Our old cat shelf was store bought and would only hold one cat comfortably, so we built this one (which looks like it’s leaning but it’s not). Despite our efforts to keep blind cords away from Scully, she shredded the one in the living room so badly that, the blind being old anyway, we just bought a new one. So it is with cats—one must expect a certain amount of damage.
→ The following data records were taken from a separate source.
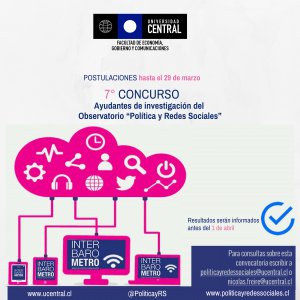 Hasta el 29 de marzo estarán abiertas las postulaciones para el séptimo concurso que busca ayudantes de investigación para trabajar en el Observatorio “Política y Redes Sociales”, proyecto que tiene como objetivo analizar la conversación pública y política en el mundo digital, en sus distintas perspectivas y coyunturas, así como las nuevas formas de gobernar y de comunicación política en la sociedad red.
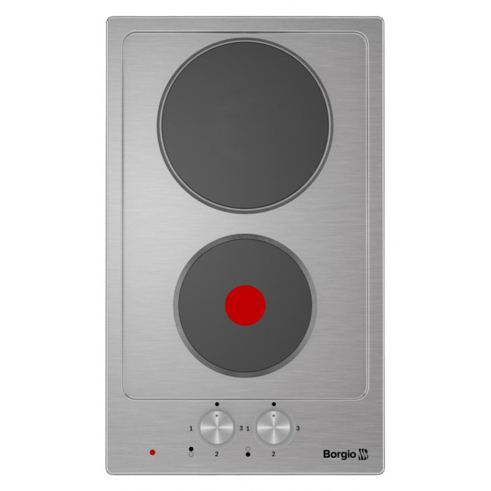 Панель выполнена из практичной нержавеющей стали. Она устойчива к механическим повреждениям и легко отчищается от грязи или пролитых жидкостей. Варочная панель оснащена двумя электрическими чугунными конфорками разной мощности. Электрическая конфорка, помеченная красным кругом является конфоркой быстрого нагрева с повышенной мощностью. Управление осуществляется с помощью механических поворотных переключателей путем установки той или иной конфорки в один из трёх режимов работы. Borgio 3620 Inox имеет ширину 30 сантиметров, вы сможете установить ее в любом удобном для вас месте.
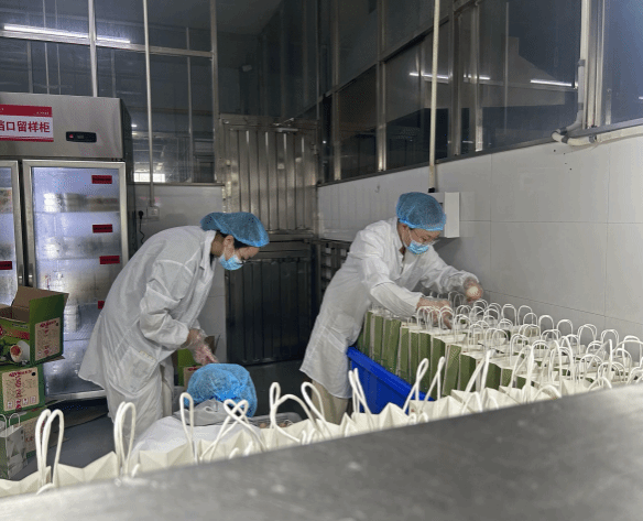 在学生第二食堂开展“浓情粽意迎端午,同心志愿暖人心”端午节主题志愿服务活动,毕业生党员志愿者们分成小组,将粽子、鸡蛋、咸鸭蛋等食物放入手提袋并摆放整齐,同食堂工作人员一同将饱含祝福的端午节礼包送至老师、同学们的手中。以实际行动展示共产党员的先锋底色,在为人民服务中展现了新时代青年的责任与担当!
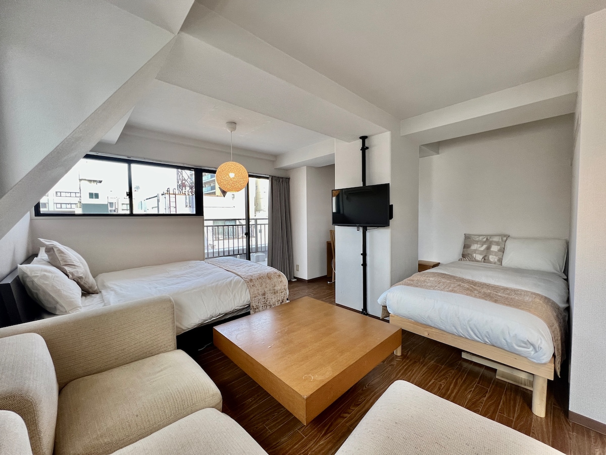 A stylish, modern condo-style hotel opened in May 2025, located in the heart of Akihabara. Just a few minutes’ walk from both Suehirocho and Akihabara stations, with convenience stores and restaurants nearby. Surrounded by figure shops, electronics stores, maid cafés, and real-life Mario Kart rides—plus custom car gatherings on weekends. Still, the street is quiet at night for a restful sleep. 25㎡ studio Single-size bunk bed Smart TV Fully equipped kitchen In-room washer-dryer
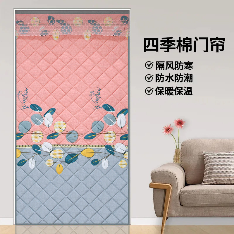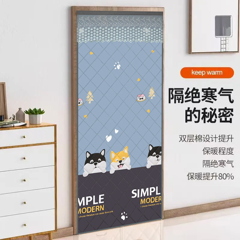 冬季夹棉保暖门帘隔断免打孔卧室遮光双面防寒厨房防风布艺棉门帘
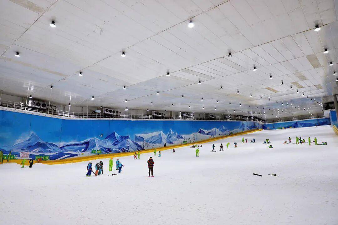 旅客在关岭奇缘谷冰雪小镇体验室内滑雪
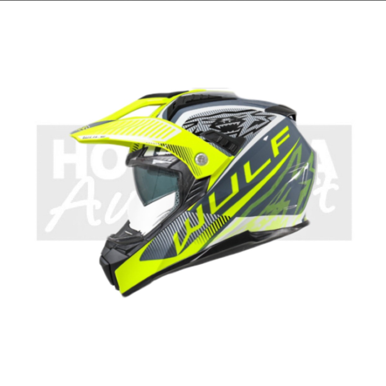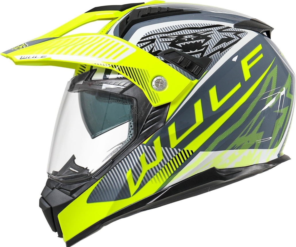 Beautiful Wulf Cross helmet with visor and sliding sunshield.

I’ve been missing dogs this week. It started when I was lying in bed and looking down the hall at two of our cats and remembering the twenty years that I looked down that same hall at dogs. For some reason, this created in me a longing, and even a sense of betrayal, which seems ironic in that this is the worst time of year to have a dog in Western Oregon due to the almost daily rain, mud, and chilly weather. How often have we taken dogs walking in the rain when neither they nor we wanted to go, and how many hours have I spent standing on the porch at midnight waiting for dogs to go potty while they stood motionless in the rain surveying their surroundings. And then there were News Years and Independence Day when they would be too afraid to go potty because of the fireworks, a situation that lasted for weeks as one idiot after another fired off an occasional incendiary. We turned to cats for good reasons, and I’m not sorry we did, but a cat does not substitute for a dog.
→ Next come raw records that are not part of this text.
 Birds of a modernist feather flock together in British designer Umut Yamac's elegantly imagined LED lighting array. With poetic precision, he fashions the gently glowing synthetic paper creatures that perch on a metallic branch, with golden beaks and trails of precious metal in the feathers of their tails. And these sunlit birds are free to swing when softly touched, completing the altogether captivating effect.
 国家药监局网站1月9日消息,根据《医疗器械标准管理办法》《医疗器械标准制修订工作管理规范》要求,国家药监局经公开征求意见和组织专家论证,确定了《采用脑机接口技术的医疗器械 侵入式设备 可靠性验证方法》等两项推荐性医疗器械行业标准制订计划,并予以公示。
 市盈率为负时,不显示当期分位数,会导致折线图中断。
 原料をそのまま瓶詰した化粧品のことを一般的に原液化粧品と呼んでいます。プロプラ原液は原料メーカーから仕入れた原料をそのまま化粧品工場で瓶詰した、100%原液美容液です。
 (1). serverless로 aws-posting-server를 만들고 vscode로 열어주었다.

I had dogs all my life until our last one died in 2012, but I never read entire books about dogs like I’ve been doing for months now with cats. Perhaps this is because I felt an affinity with dogs that made it unnecessary to study them, whereas cats are ever a mystery. They’re caring creatures of deep emotion, but I can never escape the feeling that they regard their intimacy with Peggy and me as important but optional. Their closeness to one another is quite another matter. They spend hours a day sleeping together and bathing one another, and Brewsky and Ollie are so protective of Scully that anytime she cries, they rush to her side. They’re actually so devoted to Scully that I’ve wondered if they would threaten me if I pretended to attack her, which is exactly how our heeler used to behave when I playfully attacked Peggy or the neighbors’ kid. Unfortunately, I have no way to test the extent of Brewsky and Ollie’s devotion without the risk of convincing all three cats that I’m dangerously insane, and maybe getting myself hurt in the process. Cats simply can’t take a joke the way dogs can. I’m not prepared to say that dogs have a sense of humor, but they’re at least easy to calm down, whereas a seriously pissed-off feline is, as they say, “a cat of a different color,” and that color is brimstone. I’ve read of strong men fleeing before the wrath of an angry housecat, by which I mean a cat that, sometimes for no apparent reason, turned on one or more people with murderous intent.
Peggy and I have often discussed getting a dog, but with three cats, it’s hard to imagine it being a good idea because we would be even more tied down, and because it’s doubtful that the cats would like having a dog (our only hope would be to get a puppy because adult animals are more tolerant of babies than of other adults). Then too, there would be the vet bills, which have become way more expensive than they once were, it being commonplace to walk into a vet with a trivial problem and leave $200 poorer.